The helos never turned off their engines. In a minute they were off, six bags of IED evidence, six bags of hard-core forensics, six bags of pressure plates and fingerprints and distinctive wire snips and hairs, permanently sequestered from the conventional reporting channels and hand-delivered to the central depths of one of the fiercest black holes in Afghanistan.
WHEN SOLIMAN ARRIVED back at Bagram, she delivered the six bags to Zac Crush at SOCOM’s IED exploitation fusion cell. Though they worked for the main SOCOM (Special Operations Command) task force in Afghanistan—in the J2, the intelligence hub for activities as varied as hunter-killer takedowns and local police training—Soliman and Crush were not EOD technicians or spooks or Special Forces. They weren’t even in the military. They were contractors. Soliman is a biometrics engineer. Crush is an intel analyst in Identity Operations, SOCOM’s term for figuring out who people are.
Biometrics is the science of measuring and cataloguing unique human signatures, and it is not a new idea. In the late nineteenth century, French police began tabulating the lengths of forearms and feet and jawlines. At the same time, the US Army, in an effort to catch scam artists who enlisted in multiple recruiting stations to receive multiple bonus checks, began recording the distance from the top of the shoulder to the tip of the finger of each new soldier.

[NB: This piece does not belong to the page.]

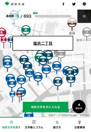 『都営バスで巡る、地形テキストラリーGPS』は、都営バスに乗って、バス停に潜む地形由来の文字を集める、スタンプラリー。
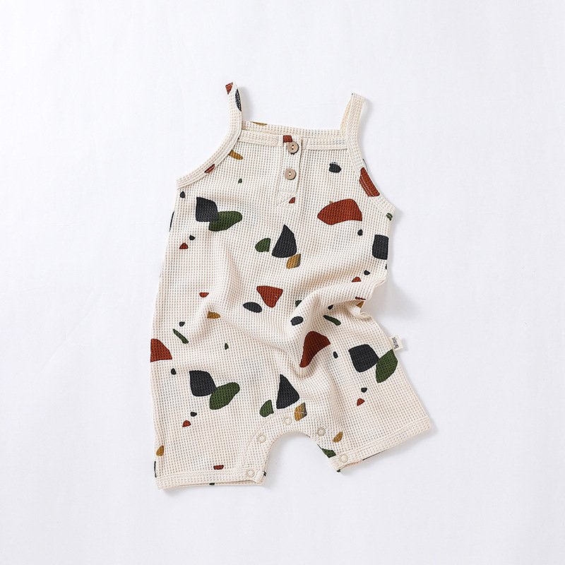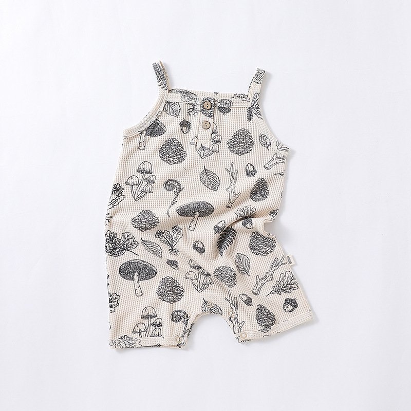 Kids Baby Girls Boys Summer Cute Cotton Waffle Sun Mushroom Colorblock Button Sleeveless Square Neck Romper

Scotland Yard adopted fingerprinting in 1901, the New York City police department five years later.
As a system and theory, biometrics is unchanged. To be “enrolled,” a citizen simply has their unique characteristics measured. Then, when they want something (a job, to cross a border, access to a military base or classified information) or when the state wants something of them (evidence connected to a crime), those unique characteristics are measured again and checked against a database. Maybe the criminal had applied for a job; maybe the person applying for a job is an ex-con. In the twenty-first century we turn iris patterns into bar codes, use face recognition software, and flip through fingerprints digitally, but the process is fundamentally the same. Only the scope is different; millions of electronic records can be scoured in minutes versus thousands of paper records in days or weeks.
As a biometrics engineer, it was Sarah Soliman’s job to implement that scope. She helped develop the technology, tested it, taught it, and, in a pinch, used it herself. In 2011 and 2012, she traveled across Afghanistan in order to teach Special Forces units to gather the biometrics data—fingerprints, three photos, iris scans—of every Afghan they met. On the side, she was a courier, carrying forensic IED evidence back to the main SOCOM intel cell, but her prime job was that of the evangelist, selling and teaching a new way to fight the war.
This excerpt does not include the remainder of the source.